The range of functions that quartz, solar, and other post-mechanical movements can host is limitless. Casio step over such complications as dual time, alarm, chronograph, world time, and moon phase – all the hallmarks of automatic calibers – and offer a new set of utilities: digital compass, altimeter, barometer, thermometer, tide graph, and others. Many of these functions appear in the same watch; a sample Pathfinder will on top of that include an LED background light (with afterglow), to make the information available in the night-time.


Perhaps the most surprising of Casio's accomplishments is achieving the status of a designer, and even fashion brand. Rubber, plastic, color, and asymmetrical bulky shapes and warts become components of sudden aesthetic value, most often of futuristic, steam-punk, or avant-garde spirit. The company usually schedule new models according to seasons, securing unceasing interest from fans and collectors.


Casio categorize watches according to collections (such as G-Shock and Pathfinder), but also distinguish between specific sub-collections, for instance Dress LTP or Dress MTP. In our reviews we additionally take into account the popularity and familiarity of the various lines on offer (for instance G-Shock Frogman or G-Shock Mudman), and the functions and technology incorporated in each watch.

  • G-Shock: Casio's best selling, ultra popular collection that by now has become iconic in the world of watches. Famous lines include , Frogman, Riseman and Crazy Color to mention just a few. Movements contain Atomic Solar, Tough Solar and other technologies that accommodate such functions as several alarms, world time, moon and tide data, chronograph, and more. The watches boasts a revolutionary design to which we dedicate more words in this G-Shock review.

  • Baby-G is essentially a more fun and play oriented G-Shock: a watch designed for teenagers, but will also suit young ladies and men with a taste for expressive color. Ana-Digi movements and rectangular cases make this collection among Casio's most versatile.

  • Waveceptor offers dive and casual watches, round and rectangular, equipped with Atomic clock calibrating system, chronographs, perpetual calendars, and other functions. Design tends to show more formal qualities than the rugged, outdoors oriented G-Shock, and focuses on silver, black, and gray tones – though an occasional splash of red and blue decorates the dials in some of the models.

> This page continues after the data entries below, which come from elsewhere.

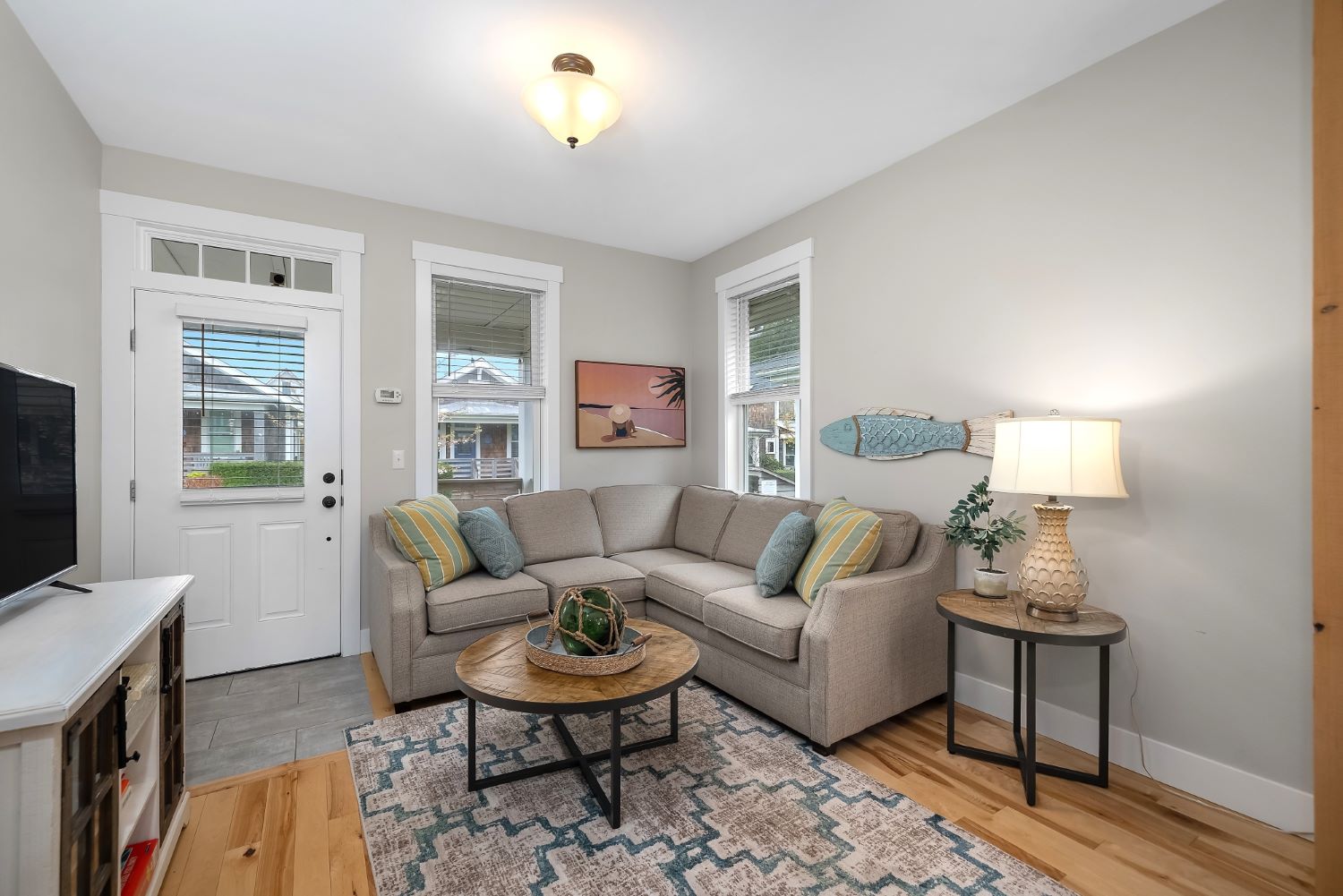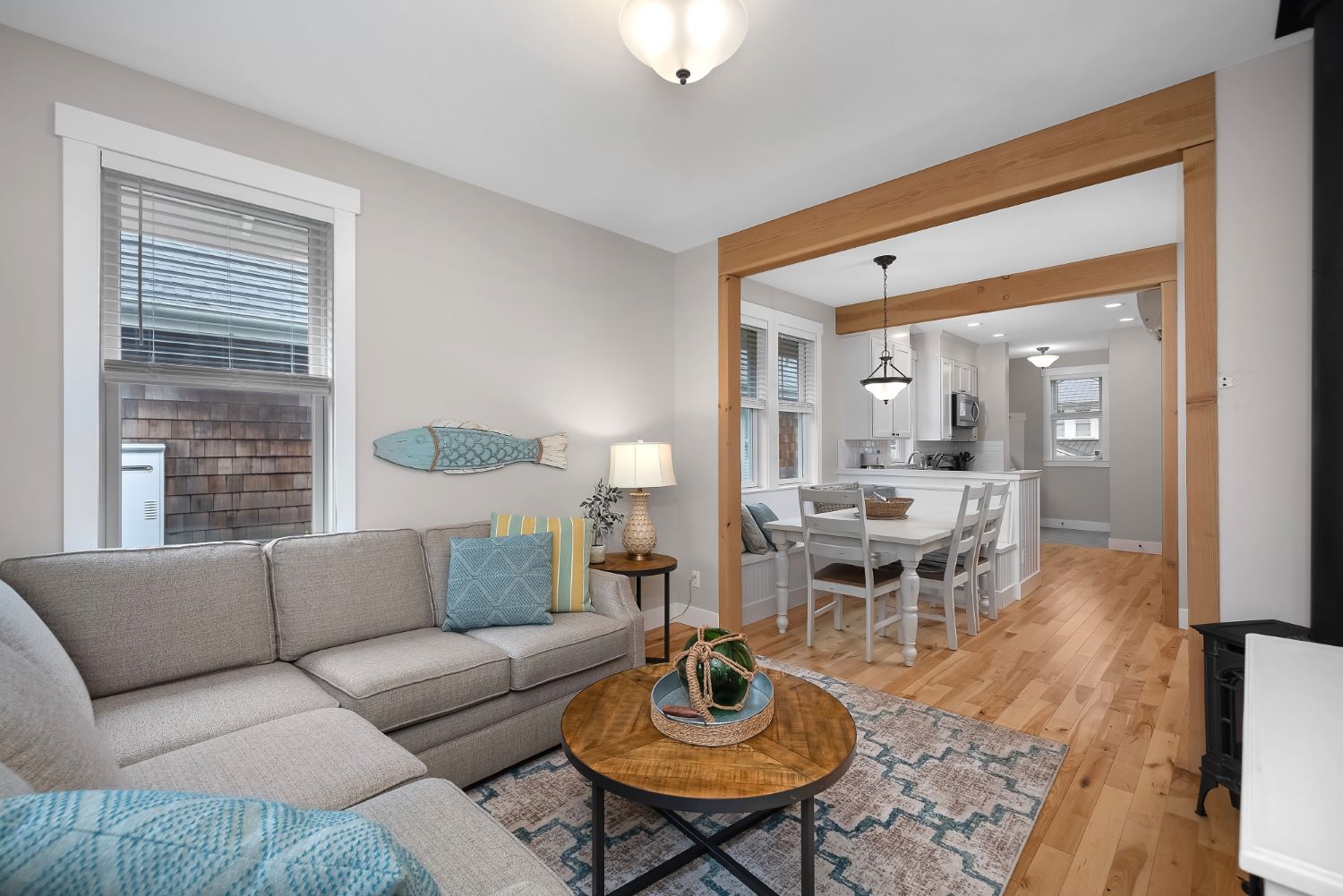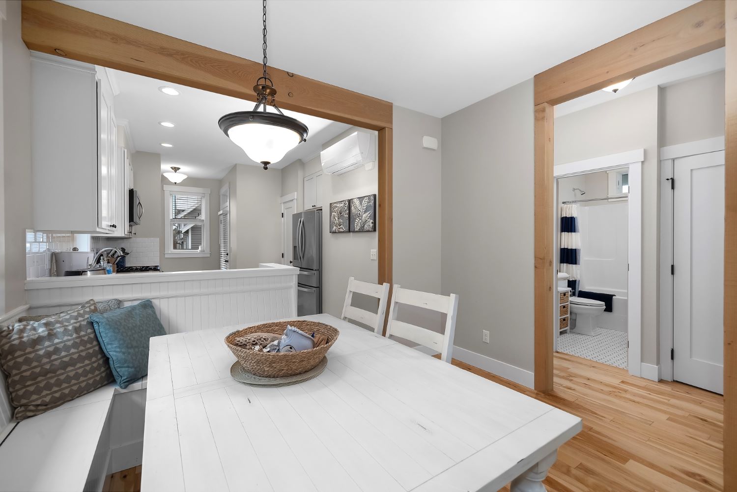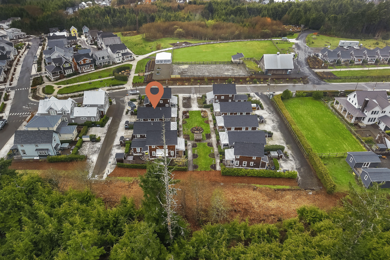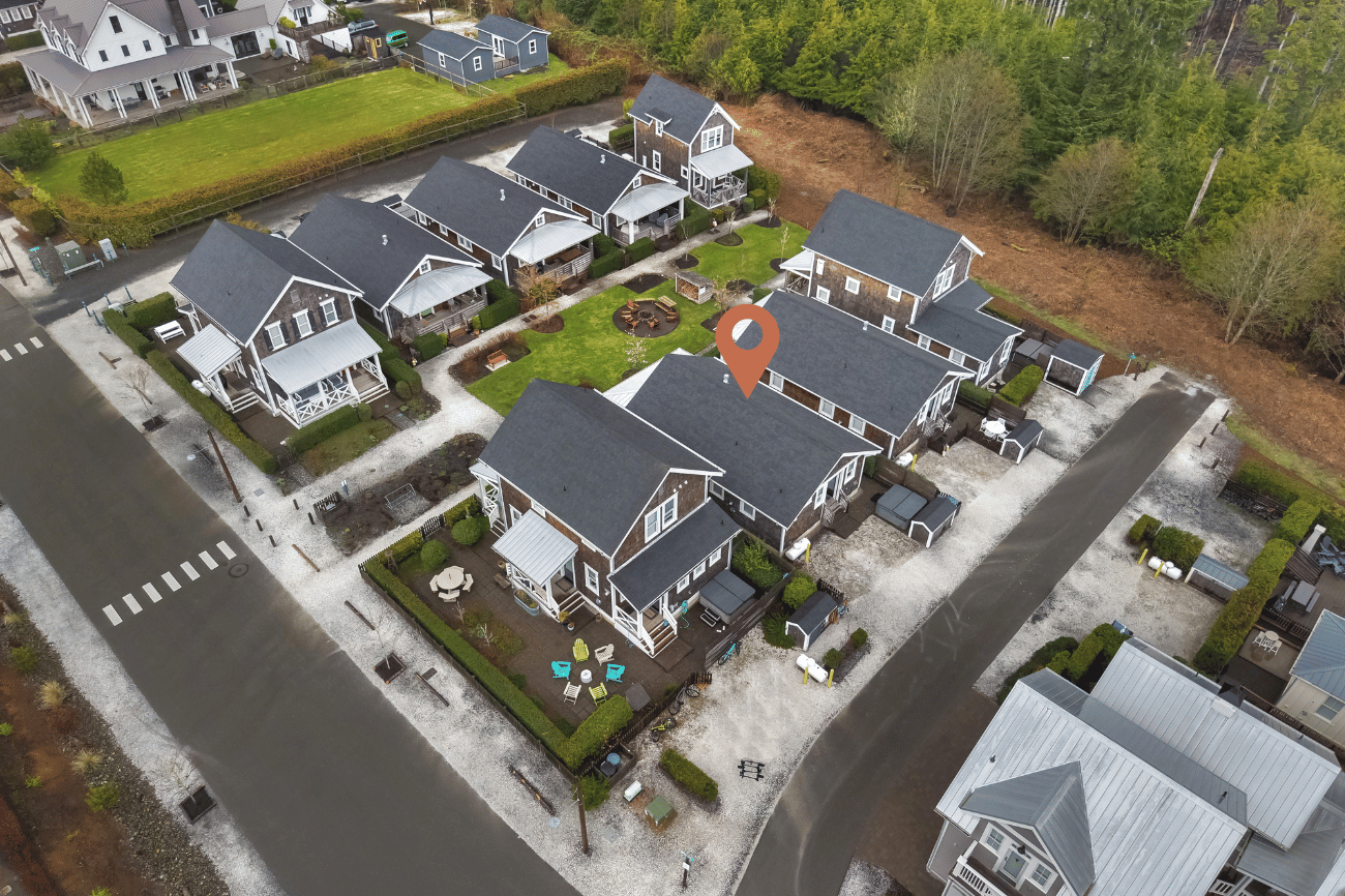 Welcome to coastal living in this bright and cozy home located in The Croft neighborhood. This charming residence features an open-concept design that effortlessly connects the living, dining, and kitchen areas. Character-rich, custom-built elements enhance the space, including practical mudroom bench storage and built-in dining room bench seating. The private primary bedroom boasts an en-suite bathroom. A second bedroom is situated near a separate full bathroom. The outdoor area is ideal for enjoying the coastal air, offering valuable off-street parking, a useful storage shed, and a soothing hot tub. Relax on the welcoming, covered front porch or socialize with neighbors around the community fire pit, conveniently located right outside the front door. The home is perfectly situated for leisurely strolls to the town center or the beach.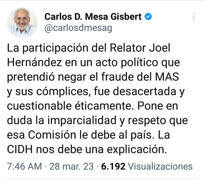 Mesa dice que participación de la #CIDH en acto político que «pretendió negar el fraude del MAS» pone en duda su imparcialidad y respeto al país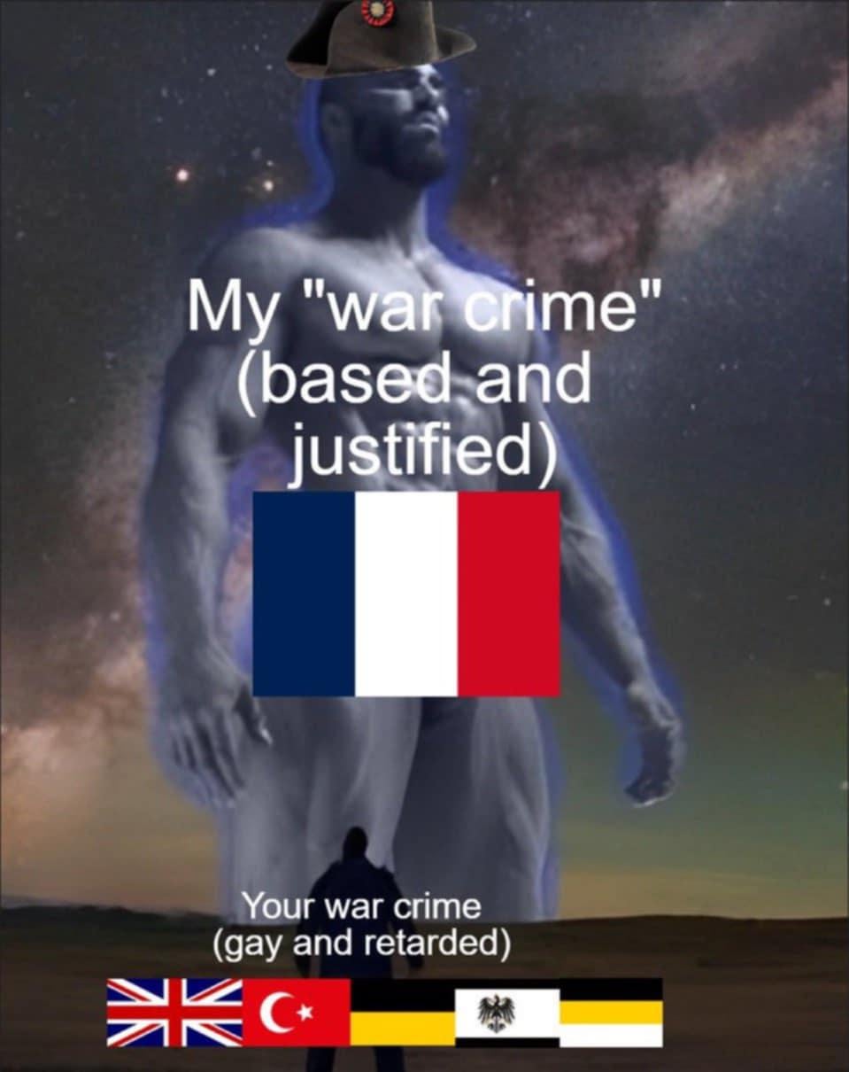 "France killed 30 millions people !" Russians and Algerians don't count. by Llanistarade Tags:2 Western Europe 4u2WesternEurope4uEurope 20 comments What’s wrong with being gay? https://i.redd.it/q49fwywcyk3g1.gif Most humble frog: It’s not “your” warcrime, but ours. We all participated. Leave some for others, selfish. Pierre calling someone else gay…what’s next? Hans calling someone a pervert? >”France killed 30 millions people !” Russians and Algerians don’t count. Holy based. I’d like to argue with you, but you have won this argument irrefutably; by portraying yourself as the based chad and us as the gay and restarted one. Pff, I’ll see your Algeria and raise you a Kenya! We are terrible people… Didn’t napoleon kill Turkish POWs? We killed millions of Russians ? TF so based ! J’adore ce slip, je veux le même. google en war crime Canada come along, shoot the chad and says what war crimes. Algerians love whining about what they call “algerian genocide” Well why are they that much then? (we still did absolutely abhorrent shit there) I understand their thinking with a language like that. Sweden has luckilly never had a War Crime. a bit unrelated but reminded me of [this](https://youtube.com/shorts/XsfBaLHM7hw?si=e4F0ItDT-erd8hH7) I don’t object to this post, I do however object to being compared to the Turkish. Goos thing we never comited any warcrimes 😇 Note how the “gay and retarded” war crimes are only for Austria-Hungary and Prussia, but not for either of the two big troublesome Germany’s… Comments are closed.

  • Pathfinder presents the ultimate traveler's watch: shock resistant, muscular case protects it from knocks, while various weather measurement functions (compass, barometer, thermometer) provide the owner with vital environment information. Standard Casio solar battery and atomic synchronization, and the use of titanium in various watch parts contribute even more to Pathfinder's reliability.

  • Classic watches summarize Casio's short but exciting history of watchmaking. This collection features slimmer, calmer watches with distinct vintage visuals and an occasional hint at fashion; analog and digital dials are powered by regular 5 to 10 year lasting batteries.

  • Dress collection introduces formal timepieces (suitable for business occasions) that reveal some G-Shock and Pathfinder durability characteristics, in particular the thick, powerful bezel. Separate models shed entirely the protective parts, and demonstrate a different, lightweight Casio.

  • Databank is the unofficial geek Casio watch, featuring either a calculator or a multi-lingual day of the week function. Perhaps Databank watches lost some of their appeal in postmodern computer age, but Casio continue to update their look, rightly confident that a calculator timepiece will always find an appreciative owner.

  • Edifice offers racing watches outfitted with two must have professional utilities: a tachymeter scale, and a versatile chronograph function. This line exhibits a more restrained, sleek design, suitable for more formal occasions as well.

  • Sports watches combine functionalities appearing in other Casio lines and repackage them to fit into a well organized athlete's time measuring instrument. New features include lap memory and pace signal. Among Casio's most tightly focused timers.